▶ Exercise data
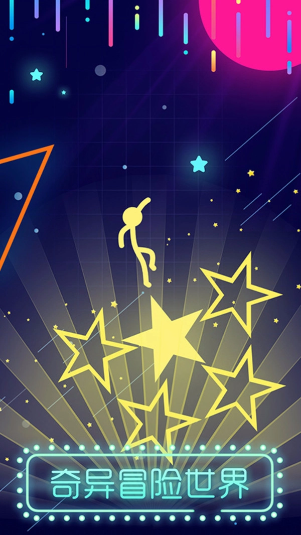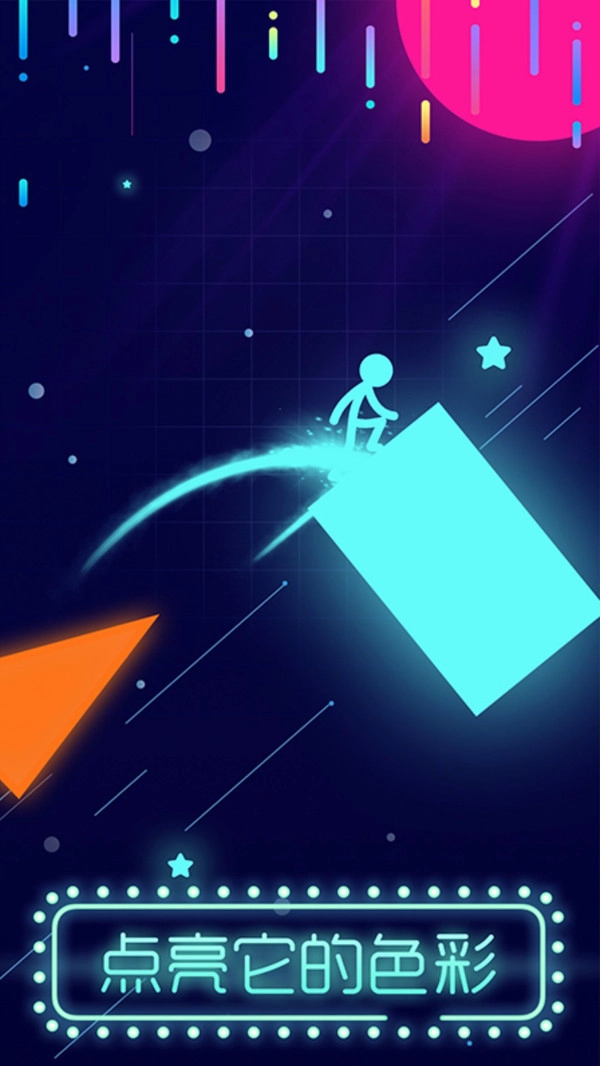 1、玩法趣味十足,关卡数量丰富。在游戏里,你要帮助火柴人顺利跳到霓虹方块上,让它的颜色被点亮。
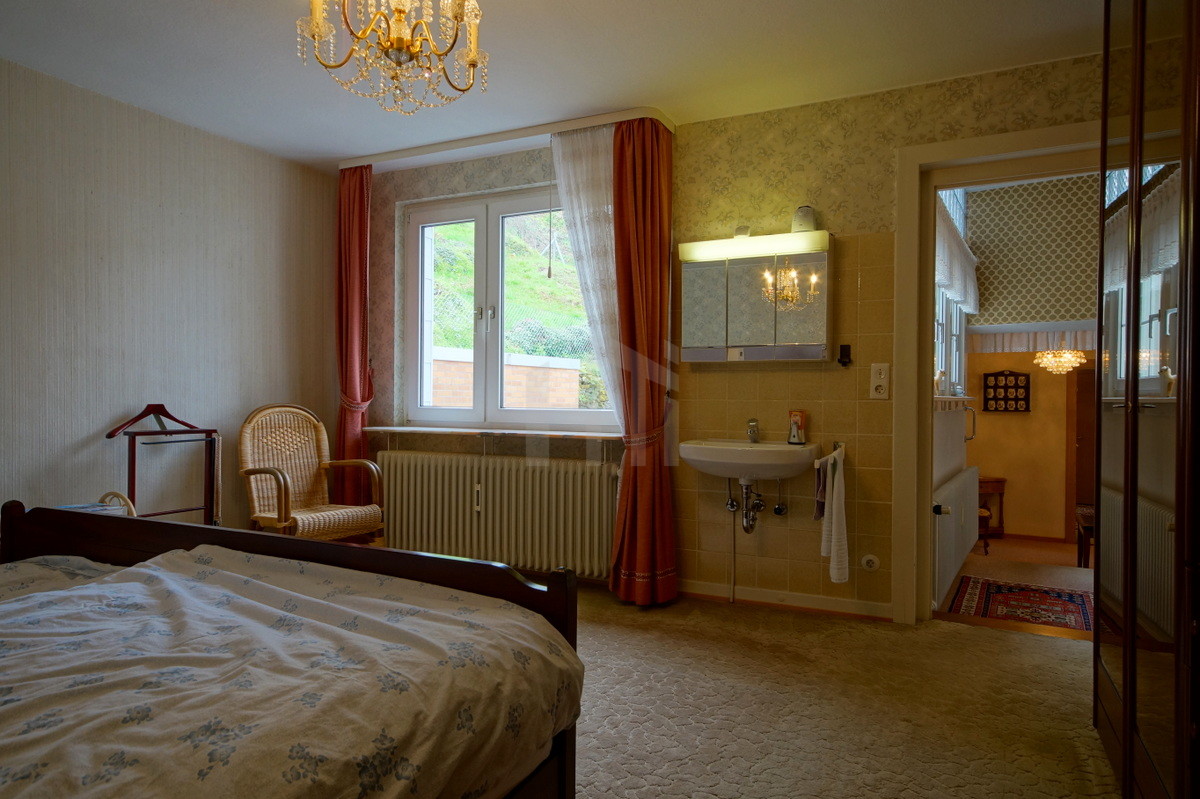 Die charmante Familienoase mit separater vermieteter Einliegerwohnung, Werkstatthalle und sieben Garagen befindet sich in einer malerischen Hanglage in Schmitten im Taunus.
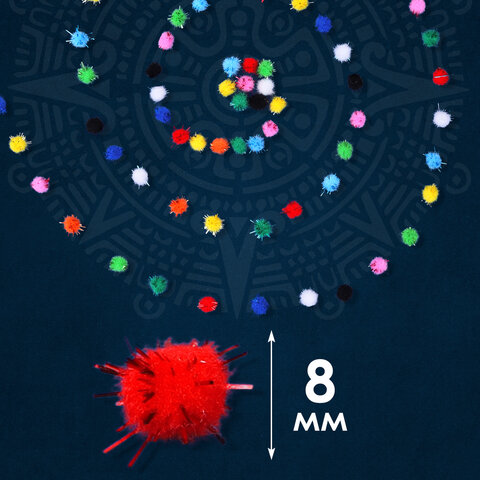 Помпоны для творчества, блестящие, 10 цветов, 8 мм, 60 шт., ОСТРОВ СОКРОВИЩ, 661423
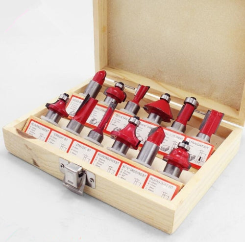 Woodworking Milling Cutter Set Trimming Machine Head Electric Wood Milling Engraving Machine Cutter, Style:Red 1/2 Handle 12PCS
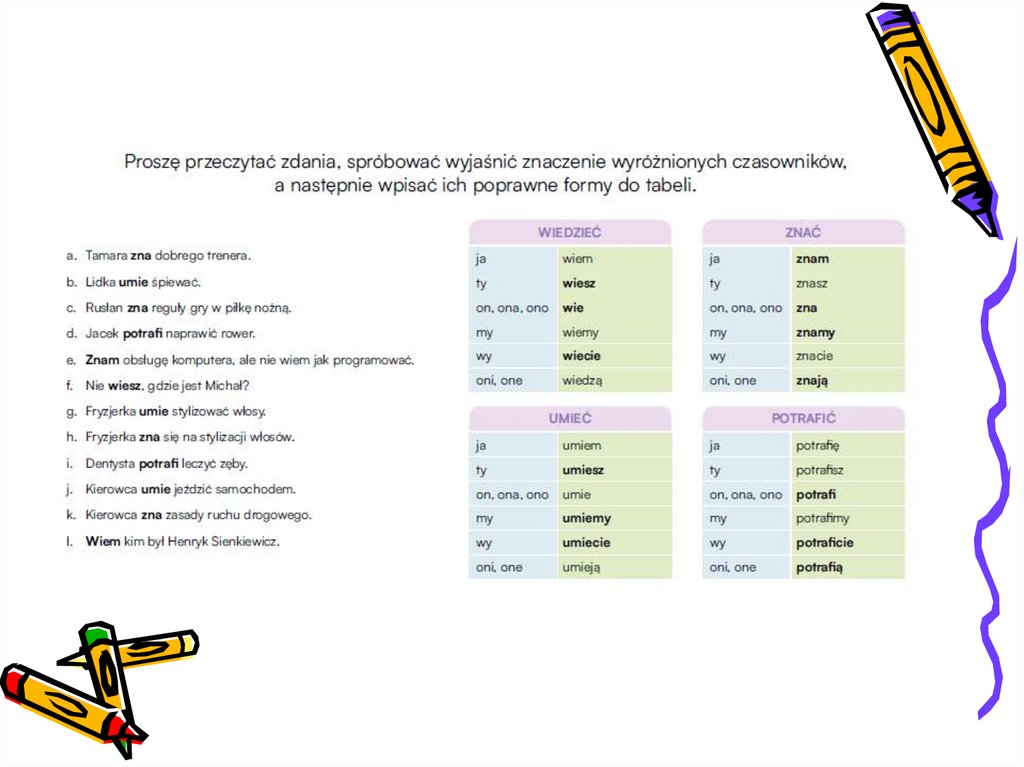 LEKCJA 11Czasowniki wiedzieć,znać,
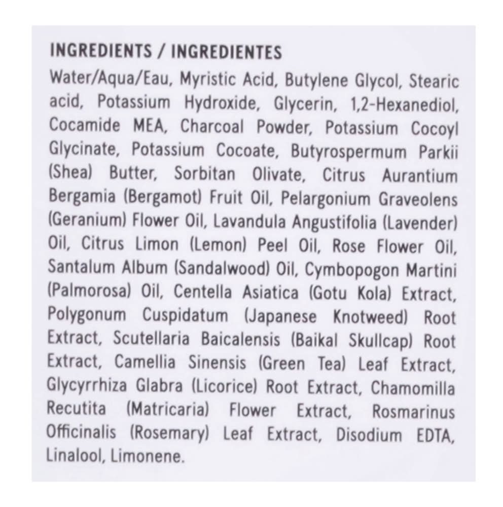 Water/Aqua/Eau, Myristic Acid, Butylene Glycol, Stearic Acid, Potassium Hydroxide, Glycerin, 1.2 – Hexanediol, Cocamide MEA, Charcoal Powder, Potassium Cocoyl Glycinate, Potassium Cocoate, Butyrospermum Parkii (Shea) Butter, Sorbitan Olivate, Citrus Aurantium Bergamia (Bergamot) Fruit Oil, Pelargonium Graveolens (Geranium) Flower Oil, Lavandula Angustifolia (Lavender) Oil, Citrus Limon (Lemon) Peel Oil, Rose Flower Oil, Santalum Album (Sandalwood) Oil, Cymbopogon Martini (Palmorosa) Oil, Centella Asiatica (Gotu Kola) Extract, Polygonum Cuspidatum (Japanese Knotweed) Root Extract, Scutellaria Baicalensis (Baikal Skullcap) Root Extract, Camellia Sinesis (Green Tea) Leaf Extract, Glycyrrhiza Glabra (Licorice) Root Extract, Chamomilla Recutita (Matricaria) Flower Extract, Rosmarinus Officinalis (Rosemary) Leaf Extract, Disodium EDTA, Linalool, Limonene Contains: Tree Nuts, Sheanuts

▶ What is required
The material above holds pictures; copy everything else in it exactly.

▶ Your response
 1、玩法趣味十足,关卡数量丰富。在游戏里,你要帮助火柴人顺利跳到霓虹方块上,让它的颜色被点亮。
 Die charmante Familienoase mit separater vermieteter Einliegerwohnung, Werkstatthalle und sieben Garagen befindet sich in einer malerischen Hanglage in Schmitten im Taunus.
 Помпоны для творчества, блестящие, 10 цветов, 8 мм, 60 шт., ОСТРОВ СОКРОВИЩ, 661423
 Woodworking Milling Cutter Set Trimming Machine Head Electric Wood Milling Engraving Machine Cutter, Style:Red 1/2 Handle 12PCS
 LEKCJA 11Czasowniki wiedzieć,znać,
 Water/Aqua/Eau, Myristic Acid, Butylene Glycol, Stearic Acid, Potassium Hydroxide, Glycerin, 1.2 – Hexanediol, Cocamide MEA, Charcoal Powder, Potassium Cocoyl Glycinate, Potassium Cocoate, Butyrospermum Parkii (Shea) Butter, Sorbitan Olivate, Citrus Aurantium Bergamia (Bergamot) Fruit Oil, Pelargonium Graveolens (Geranium) Flower Oil, Lavandula Angustifolia (Lavender) Oil, Citrus Limon (Lemon) Peel Oil, Rose Flower Oil, Santalum Album (Sandalwood) Oil, Cymbopogon Martini (Palmorosa) Oil, Centella Asiatica (Gotu Kola) Extract, Polygonum Cuspidatum (Japanese Knotweed) Root Extract, Scutellaria Baicalensis (Baikal Skullcap) Root Extract, Camellia Sinesis (Green Tea) Leaf Extract, Glycyrrhiza Glabra (Licorice) Root Extract, Chamomilla Recutita (Matricaria) Flower Extract, Rosmarinus Officinalis (Rosemary) Leaf Extract, Disodium EDTA, Linalool, Limonene Contains: Tree Nuts, Sheanuts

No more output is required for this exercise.